After capture, I verified by asking the agent to read the screenshot and transcribe the visible response text.


## Why this works (and why it scales)

It separates discovery, execution, and recovery.

- Discovery is messy. The agent experiments, snapshots, retries, and learns where the UI moved.
- Execution should be boring. Same commands, same session discipline, same evidence capture.
- Recovery stays adaptive. You can run the deterministic script inside an agent, and if the page changes, the agent can resnapshot, patch the step, and continue.

The output isn't a transcript. It's a deterministic, reviewable procedure with a self-healing wrapper.


## Skill overlays: the next layer

The next layer is what I call skill overlays.

- Base skill: a strong generic skill that works across many sites and communicates CLI usage clearly to the agent.
- Skill overlay: domain-specific or domain-plus-action-specific guidance that captures the website's quirks.
- Codified run: the deterministic bash procedure exported from a successful run.

In practice, `base skill + skill overlay + codified run` is more deterministic than prompting alone, while still letting the agent self-heal when UI details drift.

- We are experimenting with skill overlays as first-class artifacts.
- Early internal runs suggest up to 10x fewer tokens and about 2x faster execution when overlays are combined with a codified bash run (roughly 10+ runs).
- These numbers are directional — not formally benchmarked — but outcome quality is noticeably better.

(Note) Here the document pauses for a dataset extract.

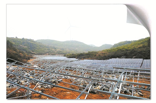 1月23日,正在江华瑶族自治县涔天河镇鹧鸪坝村建设中的全省最大光伏扶贫电站——鹧鸪坝光伏电站C区的光伏发电板反射面已安装过半,初具雏形。鹧鸪坝光伏扶贫发电站是江华3×100MW光伏产业扶贫项目建设的第一个点,计划总装机容量10MW,总投资7200万元,年发电收入900万元以上。黎实 摄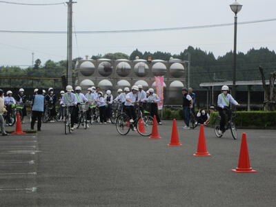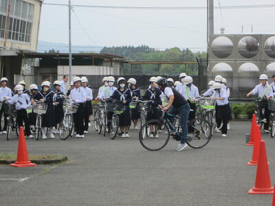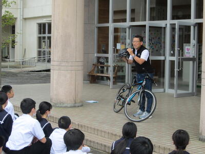 始めに、ヘルメットの重要性や自転車のホイールの特性などを丁寧に説明していただきました。その後、自転車を安全に乗るための実技指導が行われました。この教室を通して、交通安全について考え、実践してくれることを願っています。

## From bash runbook to reusable Node CLI

Another outcome from this workflow: I took the hardened bash script plus logs from previous sessions and used them as reference context for an agent to build a dedicated Node CLI for the same task.

That gave me three layers:

- The bash runbook stays the deterministic baseline.
- The Node CLI wraps it as a reusable productized interface for that specific job.
- The agent can execute the CLI, observe failures, and self-heal by adjusting steps when the site changes.

I also used Steel credentials so authenticated state could be reused safely across runs, instead of hardcoding account details in scripts.
With that in place, I can use my ChatGPT subscription through the CLI and hand it to agents for repeatable research workflows like search and optimization workflows tied to content ranking, as covered in [The Hidden Language of Search](/search-translator).

![Node CLI screenshot showing the ChatGPT query flow automation](/images/20260303-ask-chatgpt.png)


## Practical notes

- Permissions and ToS: check the site's terms before automating and never commit credentials to version control.
- Parameterize early: dates, IDs, cities, names; turn them into variables so the script does not fossilize.
- Verify outputs: prefer scripts that end with evidence artifacts you can inspect.
- Keep sessions disciplined: name them, stop them, and do not let one run leak state into the next.


## The punchline

The script gives repeatability.
The agent gives self-healing.
Together, you get deterministic automation that adapts.